Help & Hope Southcoast was created on the message that help exists and can be accessed by just reaching for it. But for NBS children and young adults, there are multiple barriers to overcome to just begin thinking this way.

The youth Ledbetter works with often negotiate obstacles and make major life decisions without consistent family support. Because of their age, and sometimes their cultural experiences, they don’t expect help or consider getting help for their emotional or mental well-being.

Often, Ledbetter said, needing therapy is perceived as being weak.

“They're not going to seek out mental health help. So we have to introduce them to that,” she said.

NBS staff are not counselors, but they become mentors to the youth they work with. They can leverage these relationships to help steer them toward help when it’s needed.

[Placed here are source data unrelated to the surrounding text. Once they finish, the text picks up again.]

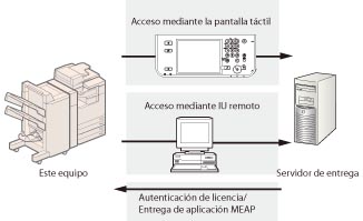 Para conocer las instrucciones acerca de cómo instalar y desinstalar aplicaciones MEAP, consulte "Instalar aplicaciones" y "Desinstalar aplicaciones".
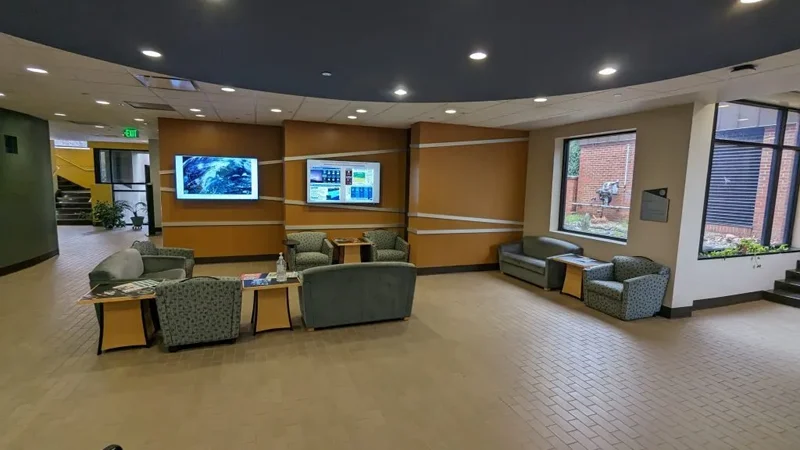 An area adjacent to the Weather Center on the second floor of Kallay-Christopher Hall provides a welcoming environment for students, featuring a wall-sized map of the world, a white board for study review and a mobile VisBox wall-sized monitor for dynamic display of weather maps.
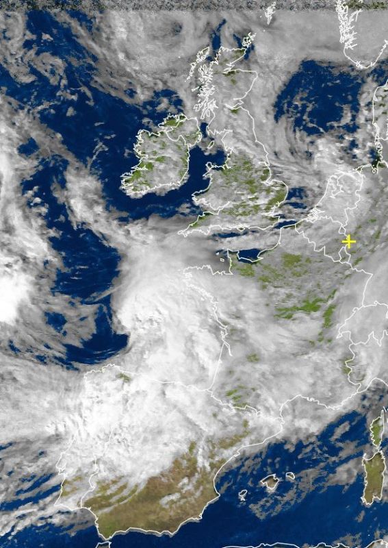 Auf dem Satellitenbild von heute Nachmittag sind über weiten Teilen der Iberischen Halbinsel und über Frankreich sehr kompakte und hochreichende Wolken zu erkennen, sie gehören zu einem Tief mit Kerndruck über der Biskaya und sorgen vielerorts auch für kräftige, langanhaltende und ergiebige Niederschläge in den Regionen.
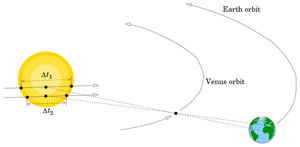 23. ^ أ ب Prof. Richard Pogge. "Lecture 26:How far to the sun? The Venus Transits of 1761 & 1769". Retrieved 25 September 2006.

“When we refer them to counseling, they trust that we tell them that they will be safe in that person’s care,” said Ledbetter.“It’s all about building trust with each of the youth and them being able to put down some of their walls.”

At other times, program staff make the decision for them.

“If you're acting out of sorts, or if you're doing something that's going to hurt you or somebody else, then you don't get to choose whether you attend those resources,” said Ledbetter. “I think it depends on the youth itself and their behaviors, their actions.”

NBS has access to counselors in the city and can make referrals, including through Child & Family Services Crisis Center. They’re also working on creating access through High Point Treatment Center.

If Ledbetter had her way, she’d give each and every child their own personal therapist or mentor, both now, during the COVID-19 pandemic, and into the long term future.

Like the 17-year-old girl who died recently, she knows there are some tragedies youth are facing that won’t go away with a vaccine.